Diary of a COVID-19 hermit #1

Blog by Claire Henderson Davis. MitE Chaplain

I am an active person, often with many projects on the go, but I am also drawn to solitude. 

I need times and places where I can be alone and silent – spaces of ‘being’ to balance all the ‘doing’ in my life.  I long for the sea at these times, and go when I can – the wild, rough coastlines of North Wales. On one of these journeys I was introduced to Verena Schiller and her book, A Simplified Life[1], recounting her twenty-five years as a hermit in a small cottage at the tip of the Llyn Penninsula. That was nine years ago. I took the book off the shelf again the other day to see what wisdom it may offer during this time as a COVID-19 hermit.

In everyone there is a solitary centre and a silent place that longs for attention.
— Verena Schiller: A Simplified Life page: viii

Our society is structured in such a way that it is often hard to give adequate space to such longing or to take the journey it invites us on.

For most of us a journey involves travelling from place to place or country to country, for our work, for a holiday, or for whatever other reason takes us away from home.  We enjoy exploring new landscapes or the culture of another land and people.  The journey of a hermit stands in sharp contrast to this.  Her travelling is not through an outer landscape but is an exploration of an inner landscape, that solitary place that lies within us all, known only to us; an inner space that no one else can fully share or claim to understand however close they may be to us.
— page: xiv

Those of us who are not key workers, who are being asked to stay at home on furlough during this crisis or who are unable to work from home are experiencing an enforced pause.  This pause may not mean an end to responsibility – there may still be children to look after or anxiety about money – nevertheless, it offers us an opportunity to explore that place of solitude in each of us, so often neglected in our normal lives.
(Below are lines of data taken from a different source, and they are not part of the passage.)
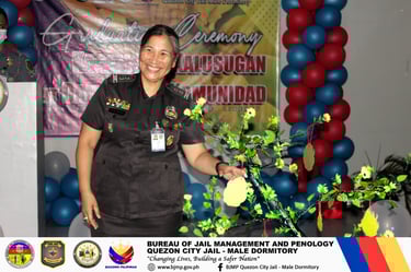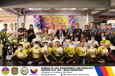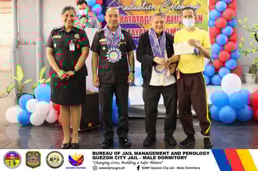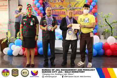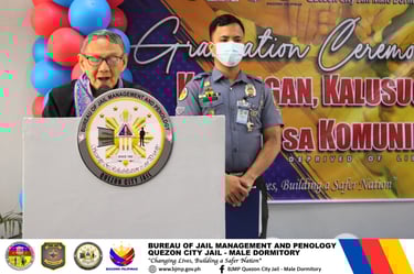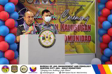 Inspirational messages were shared by JSUPT EMMANUEL A TOLENTINO, Assistant Regional Director for Operations, and Mr. Alfredo M Foronda, Executive Director, QCADAAC, underscoring the programโs vital role in successful community reintegration.
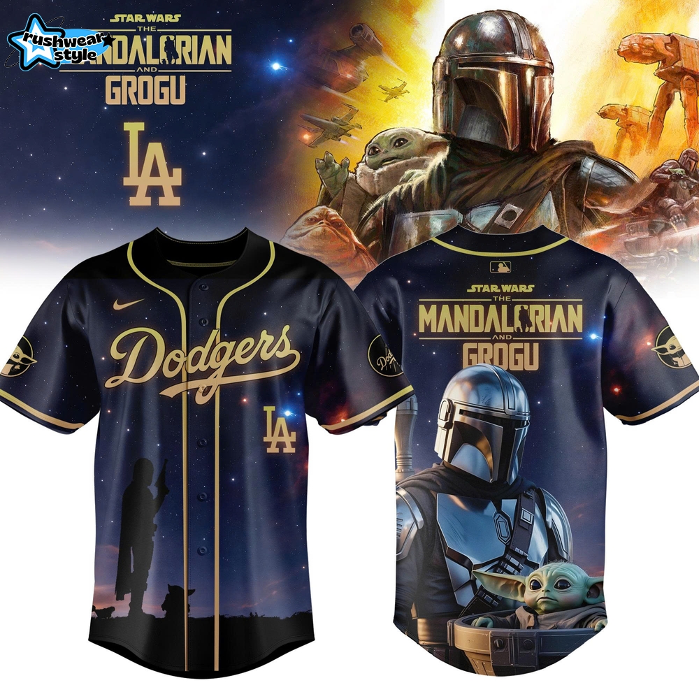 Shop now at RushWearStyle to secure your Los Angeles Dodgers MLB x Mandalorian & Grogu Limited Edition Jersey and show off your style while cheering for your team!
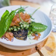 Trout Tartare with Cucumber, Dill, and Grainy Mustard Salsa, Creamy Horseradish Sauce, and Potatoes
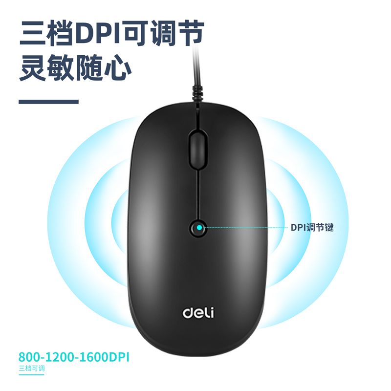 得力LN200-B有线鼠标(黑)(个)
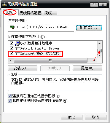 ⒋進入屬性窗口按照紅色箭頭所示,依次點擊“無線網絡配置”----“添加”
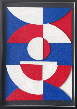 Abstrait et géométrique, tableau en quatre couleurs et en 2D, aux couleurs de la France chère à mon cœur.
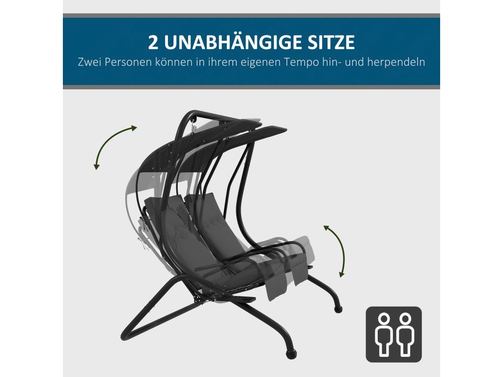 - Se sluneční stříškou: Dvě pohodlná houpací lehátka jsou zastřešená. Polyesterový potah navíc odpuzuje vodu a nečistoty. Vždy tak budete mít k dispozici útulné místo ve stínu.
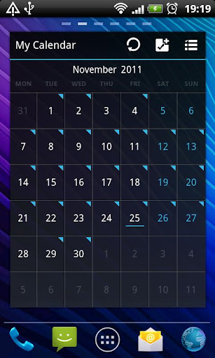 This theme supports the Message (3D!), Email, Calendar, Default Search, Search, Contact, Bookmark, Switch, Facebook, Store, Note, Twitter and TaskManager widget.
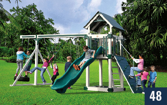 Constructed of durable vinyl, our playsets are a stress-free and maintenance-free way to encourage physical activity and a vivid imagination.
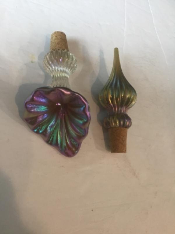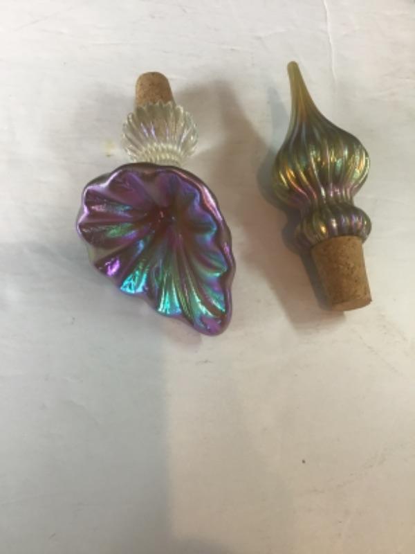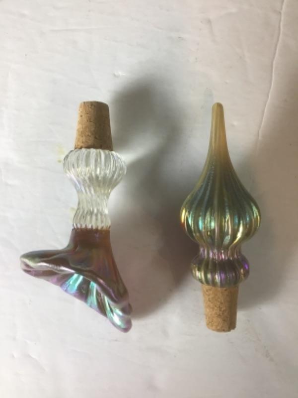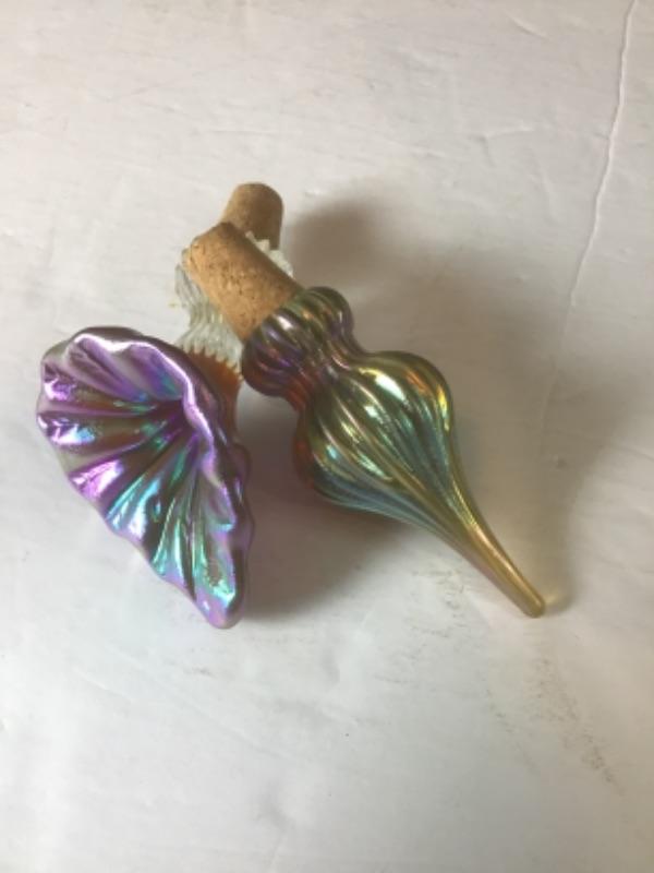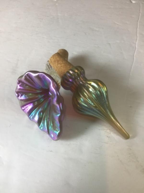 K - 1319 Pair of Beautiful Artisan Iridescent Art Glass Bottle Stoppers
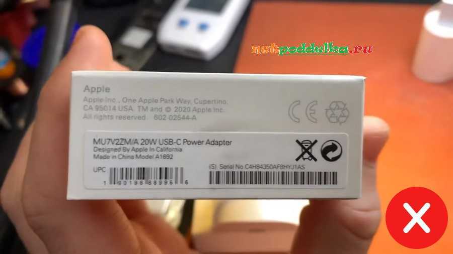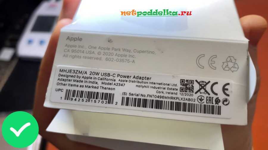 Еще один способ как отличить подделку зарядки Айфон ‒ посмотреть серийный номер. С Китая поступают огромные партии пали с серийником 5Т3387422. Поэтому при виде такого номера от покупки лучше отказаться.
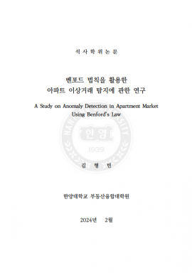 • 벤포드 법칙을 활용한 아파트 이상거래 탐지에 관한 연구 김형빈(2024) 석사학위논문
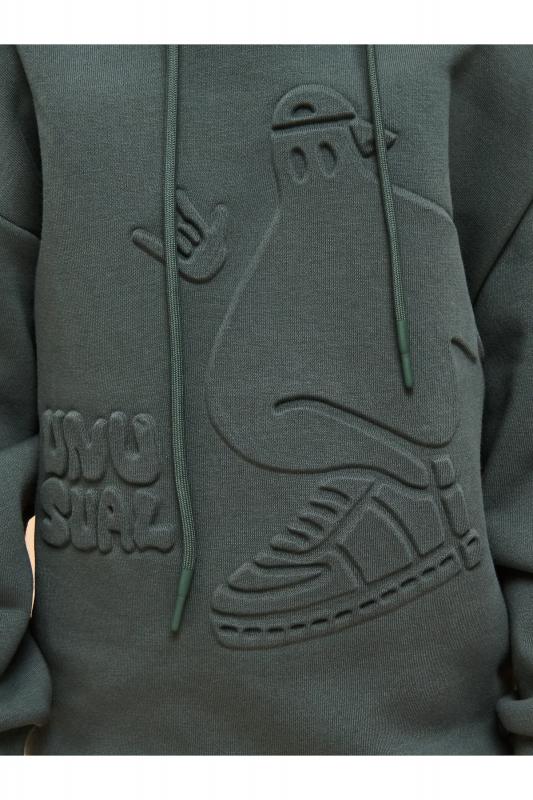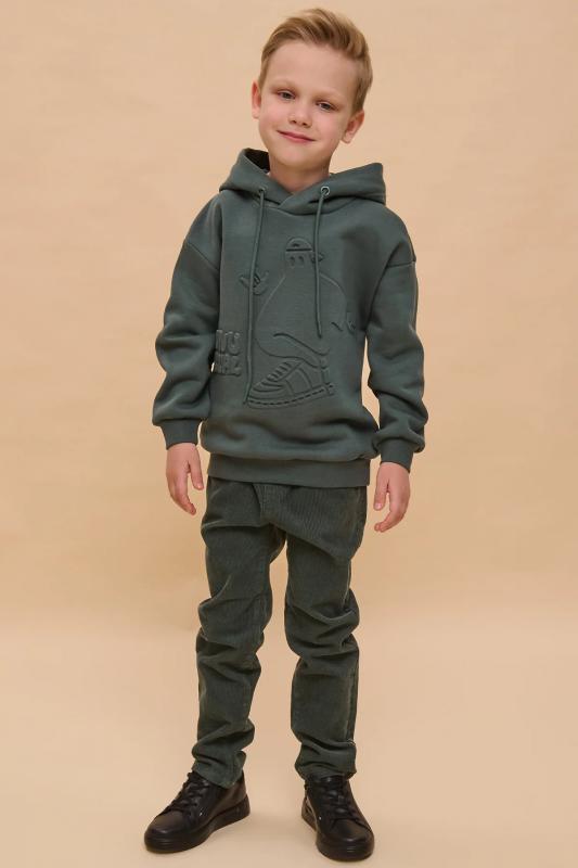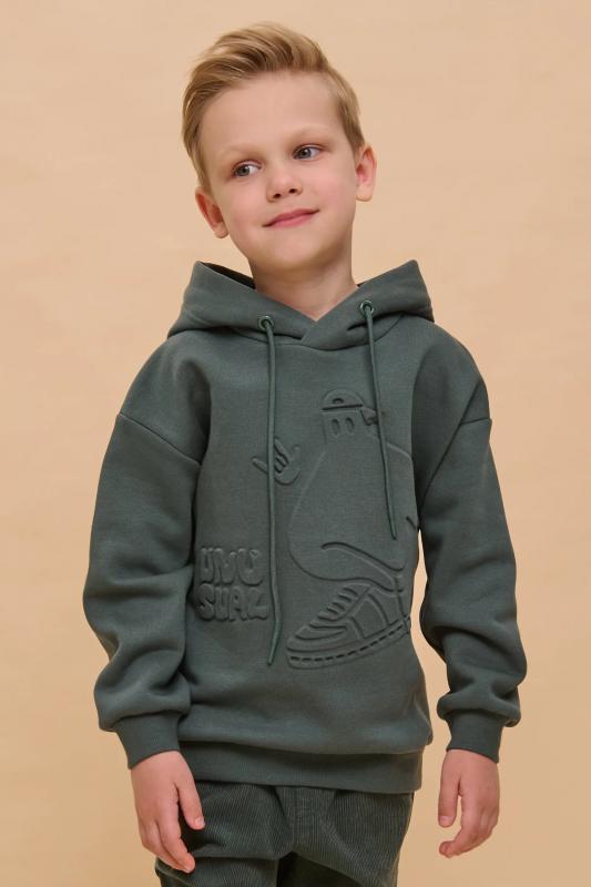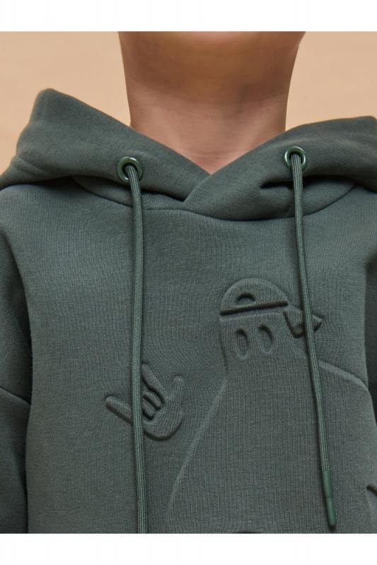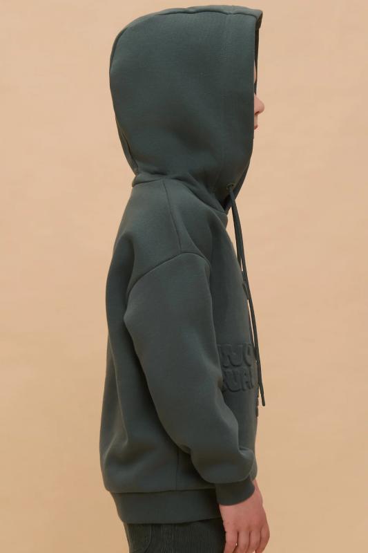 Толстовка для мальчика свободного фасона – актуальная вещь в любом сезоне. Уютное худи для мальчика с капюшоном незаменимо дома и на прогулке. Такая одежда поможет ребенку комфортно играть, гулять, ходить в садик, отдыхать на природе. Трикотажная толстовка для мальчика подростка с капюшоном выполнена с высоким содержанием хлопка и добавлением в состав эластана. Приятный к телу материал. Отлично носится, не дает усадки, не линяет в процессе стирки и сохраняет красивый внешний вид. Хлопок хорошо пропускает воздух, наделяет необходимой гигроскопичностью – ребенок активно двигается, играет, не потеет. Детское худи для мальчика из материала футер-петля. Изделие свободного кроя оверсайз со спущенным плечом, углубленной проймой. Рукава на манжете из рибаны. Низ выполнен в подгибку и прошит плоским швом. Капюшон на запахе, с люверсами и шнурками для регулировки. Изделие выполнено в однотонном зеленом цвете. Худи для мальчика подростка оверсайз спереди декорировано принтом: "
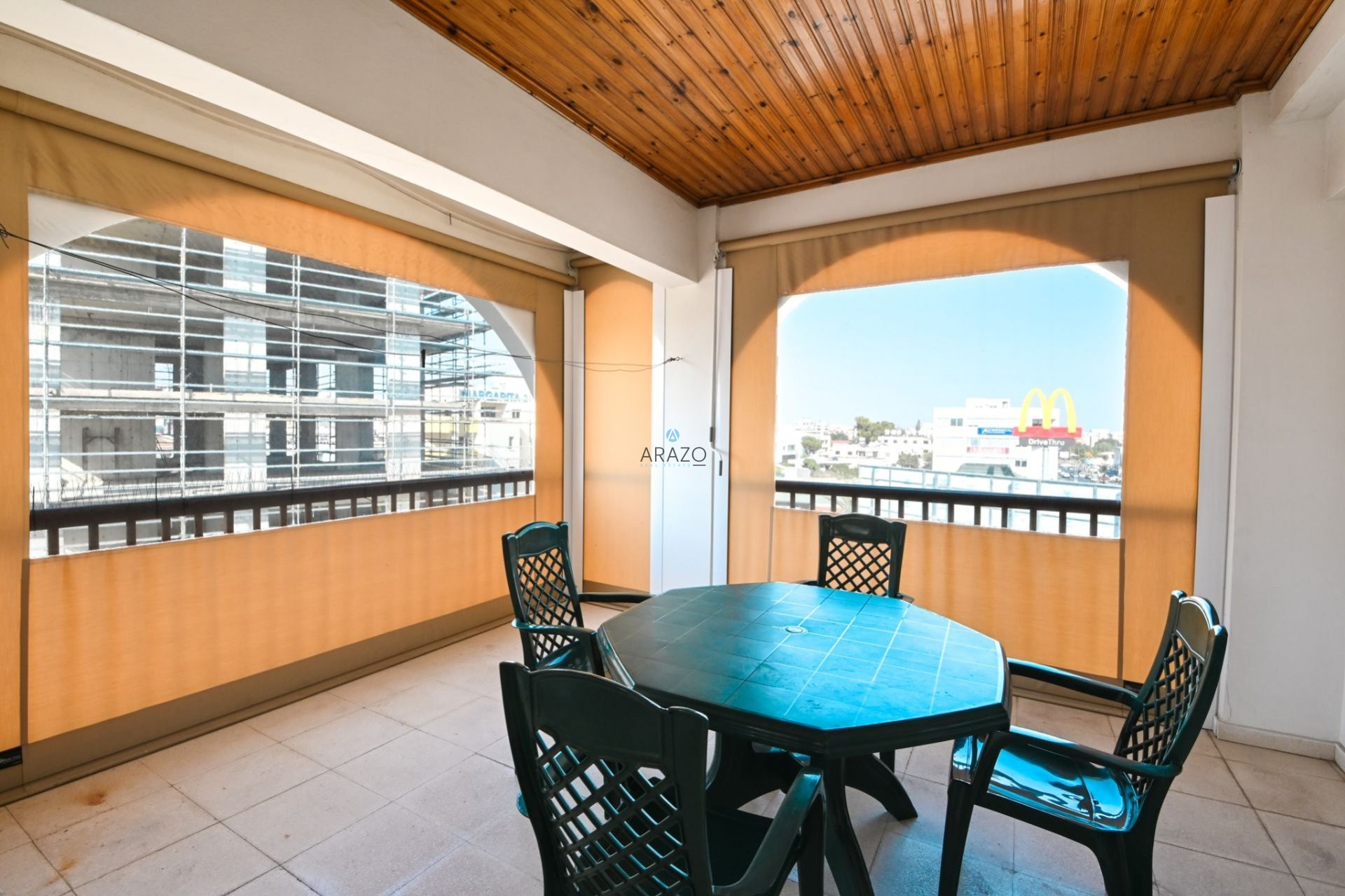 The property is located on the third floor and it is consists of an open plan living and dining area, separate kitchen with dining space, three bedrooms, two bathroom with toilet and a huge covered veranda with barbeque space. Fully furnished, fully equipped kitchen, A/C split units and covered parking space.
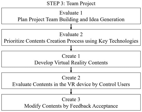Step 3 involves proceeding with a team project based on what the student has learned through theory and practice, which is equivalent to seven weeks (47%) of the 15-week process. Figure 4 shows the sequence of step 3 objectives in the VR course.
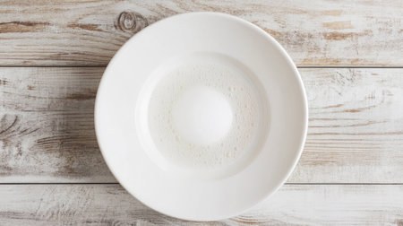 A simple yet elegant image showcasing a white egg in a bowl surrounded by foam, perfect for culinary presentations and food-related themes.
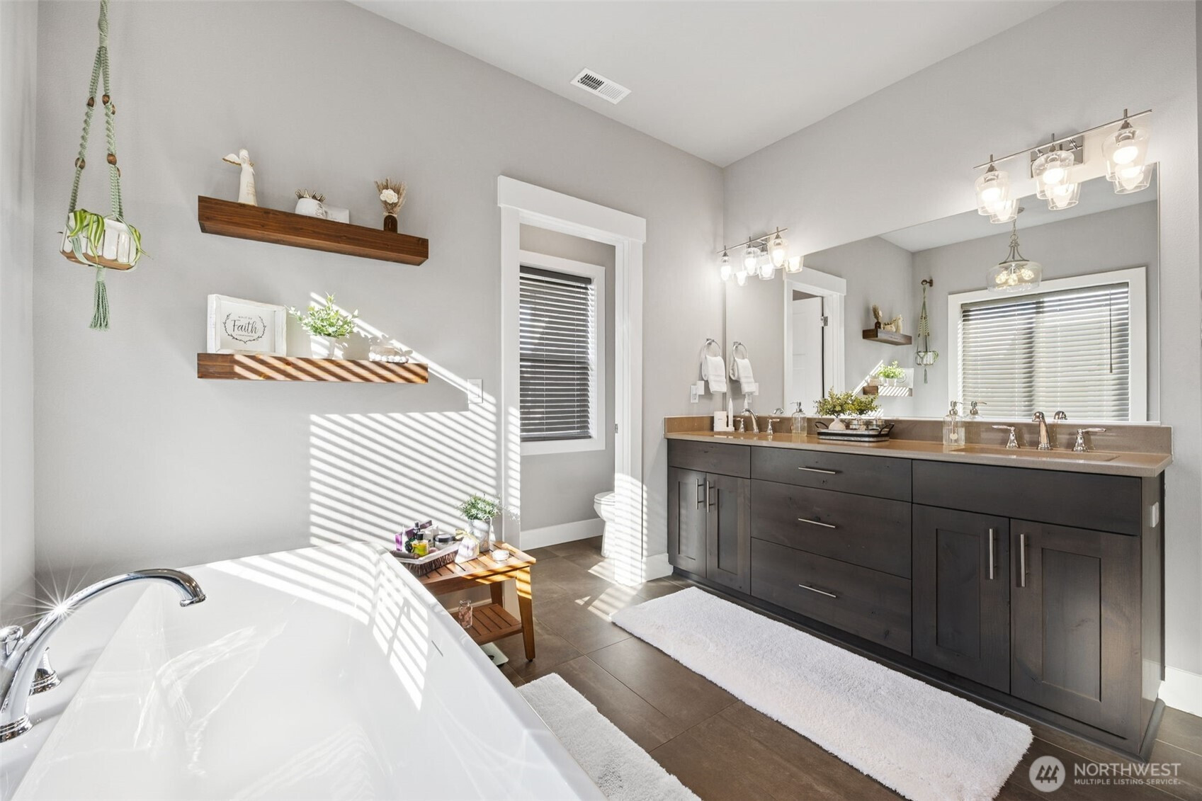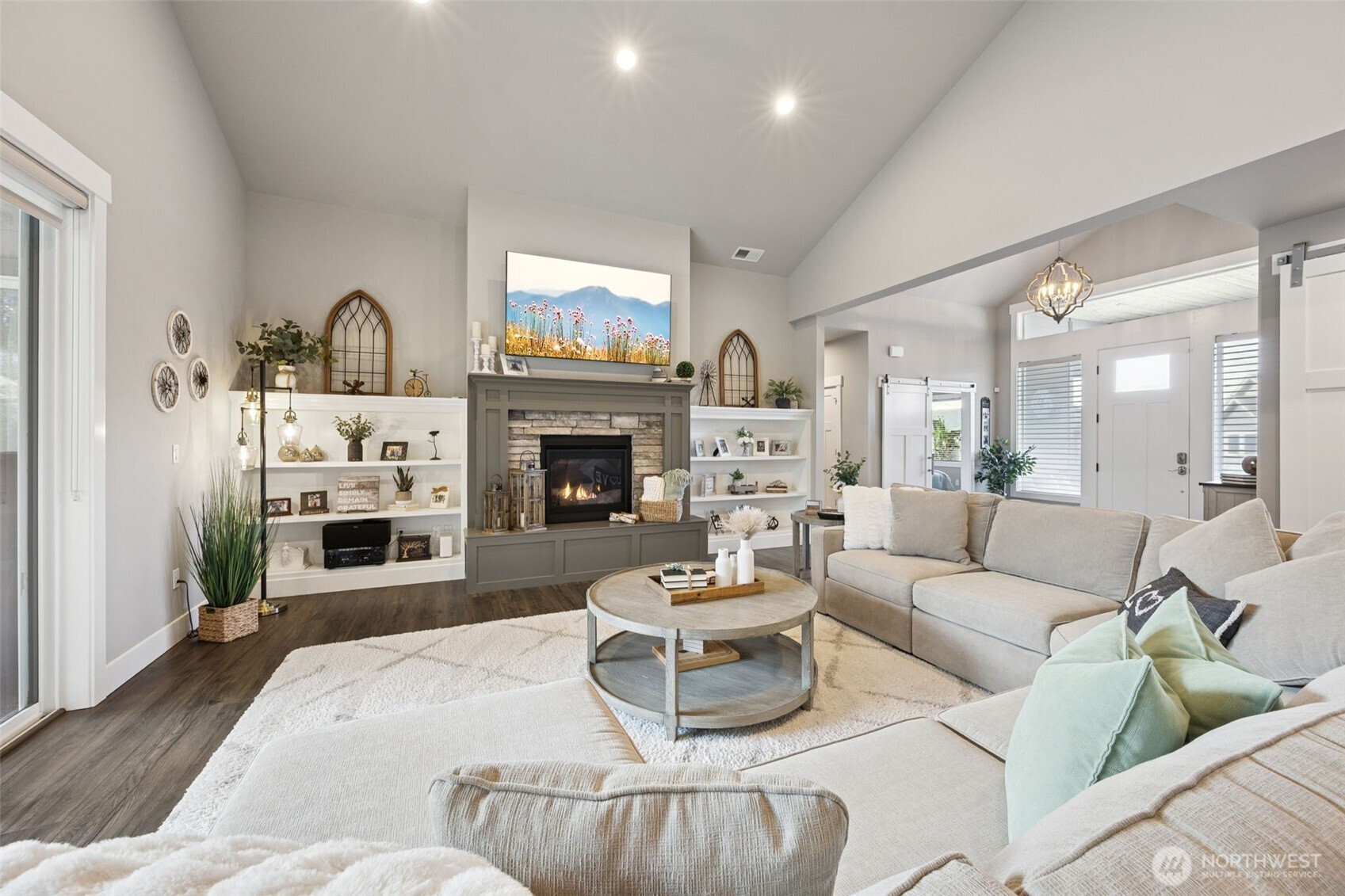 Private community • 3,146 sq ft • 3 beds • 3 baths • Eatonville Beautifully designed single-level residence nestled in a quiet, private community on Mountain Crest Lane, offering over 3,146 sq ft of thoughtfully appointed living space. This home blends a functional layout with designer touches, creating flexible spaces that are ideal for everyday living, entertaining, and multigenerational comfort. Large rooms include a soaring great room with a statement stone fireplace and built-in shelving, opening to the outdoors for seamless indoor-outdoor living. Chef-inspired kitchen features quartz countertops, extensive custom cabinetry, and high-end appliance accommodations, including oversized refrigerator space and ample prep areas. Three spacious bedrooms include a private junior suite and a generous primary retreat with dual walk-in closets and a luxury 5-piece en-suite bathroom with a jetted rain shower, an elegant soaking tub, and a dual vanity. Additional rooms, a bonus/game room, and a home office supporting versatile lifestyles and work-from-home needs. Outdoor living is enhanced by glass doors that lead to a covered veranda with a second fireplace and extended patio, perfect for year-round enjoyment. A fully finished, gorgeous 3-car garage and a large lot with manageable landscaping. Located close to all amenities, community parks, schools, and outdoor recreation options. A refined residence in a desirable setting designed for comfort and style. Includes virtual tour.

We may fantasise during periods of busyness, of what it would be like to have space with nothing to do, but in reality, such space can be scary, provoking a lot of anxiety.  For as Schiller writes:

As distractions, conversations with others and a multiplicity of demands in her life begin to fall away she soon comes face to face with herself and the deeper questions intrinsic to our universe.
— page: xvi 

A lot of the busyness in our lives and in our society is, I would suggest, a defence against this face to face meeting. Another way we protect ourselves from such a meeting is by throwing ourselves into the task of helping others. 

Ours is a society so focused on the very real distress of many that ways of helping or of problem-solving have almost overtaken the way that we see life, so that we concentrate more on our woundedness than on the wonder of life in itself, let alone on the real contentment which we surely feel at times.
— page: xix

The task of the hermit can perhaps be best described as simply being present; of slowing life down, and narrowing its physical circumference, in order to bring a quality of presence to every moment and every task. The world, in its moment by moment unfolding, then becomes an endless invitation to participate in the dance of divine revelation found even in the smallest and seemingly most insignificant happening. 

Perhaps, during these days of enforced pause, we too may accept this invitation to presence, giving ourselves space to notice what may otherwise pass us by in our normally busy lives.

[1] Schiller, Verena (2010) A Simplified Life.  London: Canterbury Press.